No pain, no gain: Research suggests naked mole rat gene holds the secret to pain tolerance


Image: No pain, no gain: Research suggests naked mole rat gene holds the secret to pain tolerance

(Natural News) Perhaps due to its lackluster appearance – wrinkly, with a body reminiscent of a pale, leathery sausage – the naked mole rat is the last animal you’d think to possess abilities akin to superpowers. But they do.

Known for its long lifespan, relative immunity to most cancers, ability to survive more than 18 minutes without oxygen and striking imperviousness to certain types of pain, the naked mole rat (Heterocephalus glaber) is the closest thing we have to a super-powered animal – and now, an international team of researchers may have finally unlocked the key behind this cocktail of “superpowers.”

Mole rat gene responsible for the animal’s high pain tolerance

According to a study published in the journal Science, the mole rats’ interesting bevy of abilities is due to a unique interaction between their genes and their environment.

For instance, naked mole rats live in underground burrows so densely packed with animals, that the concentration of exhaled carbon dioxide within the tunnels often reaches levels wherein the air itself turns acidic. Normally, according to scientists, this would cause painful, burning sensations in the nose, eyes and exposed skin of most mammals. Except for naked mole rats.

The recent study, conducted by a team of researchers from institutions in Germany, South Africa, Tanzania and the US, also revealed that three other mole rat species exhibited imperviousness to different painful substances, including capsaicin, the substance that gives chili peppers their heat, and allyl isothiocyanate (AITC), the chemical compound that gives mustard and wasabi their distinct pungent kick.
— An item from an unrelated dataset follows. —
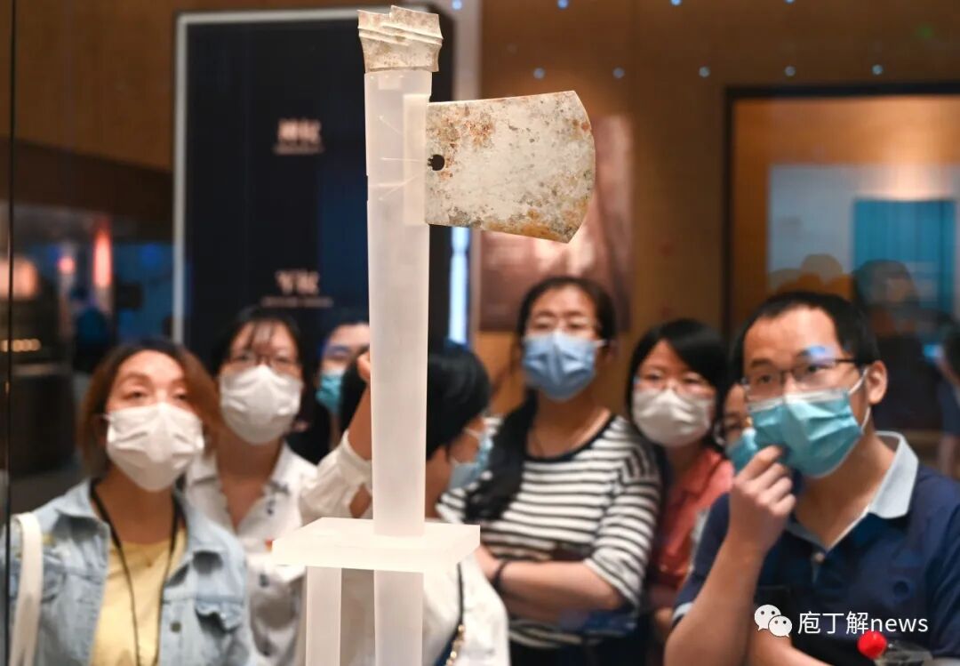 2020年5月29日,浙江杭州良渚博物馆内的玉钺组件引人驻足。

The researchers, led by Karlien Debus and Ole Eigenbrod from the Max Delbru?ck Center for Molecular Medicine in Germany, arrived at the conclusion after testing how nine closely related rodent species reacted to three pain-inducing substances that they were likely to encounter in their habitats: diluted hydrochloric acid, which acted as an analogue for ant venom, and capsaicin and AITC, which are commonly found in mole rat foods.
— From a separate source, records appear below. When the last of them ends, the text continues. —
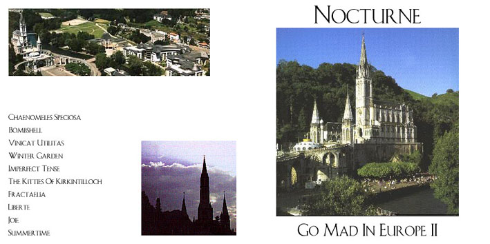 1. Chaenomeles Speciosa 2. Bombshell 3. Vinicat Utilitas 4. Winter Garden 5. Imperfect Tense 6. The Kitties of Kirkintilloch 7. Fractaelia 8. Liberte 9. Joie 10. Summertime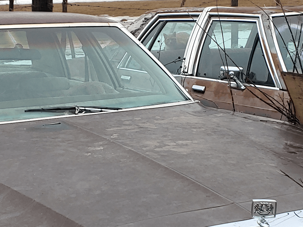 One of the areas I checked out was the shed where my parents’ belongings are stored. There are several abandoned cars near is, one of which has a window that’s partly open. As I got closer, two cats exploded out of the window and ran off.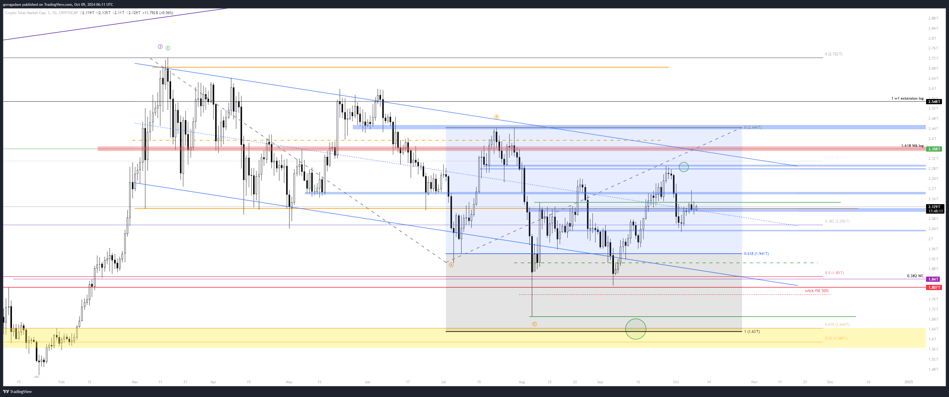 Ezúttal több helyen is NEM logaritmikus chartokat tettem be a HTF elemzésekhez, kicsit friss szemmel újranézve őket – ez alapján különösen tetszik az 1.63T szint, mint a III. hullám golden pocketja, az augusztusi alj kiütése, és egyben a december – januári konszolidáció visszatesztje.

Debus described the three substances as being all-natural and with no long-term toxic properties, adding that the experiments were approved by ethical commissions in Germany, South Africa and Chicago.

The researchers injected small amounts of the mentioned substances into the paws of the animals as part of their behavioral assessment of pain. According to the researchers, the rodents displayed discomfort to a compound by licking or lifting their paws, while those that were impervious to the pain conducted themselves normally by walking around and showing normal digging and related exploratory behaviors.
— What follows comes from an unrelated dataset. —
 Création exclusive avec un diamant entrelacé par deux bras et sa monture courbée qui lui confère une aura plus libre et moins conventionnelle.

Based on their findings, three mole rat species – the cape mole rat (Georychus capensis), the naked mole rat and the East African root rat (Tachyoryctes splendens) – were seen as unresponsive to hydrochloric acid, while two species, the Natal mole rat (Cryptomys natalensis) and the naked mole rat, showed imperviousness to capsaicin. Of all the animals tested however, only the highveld mole rat (Cryptomys hottentotus pretoriae) showed insensitivity to AITC.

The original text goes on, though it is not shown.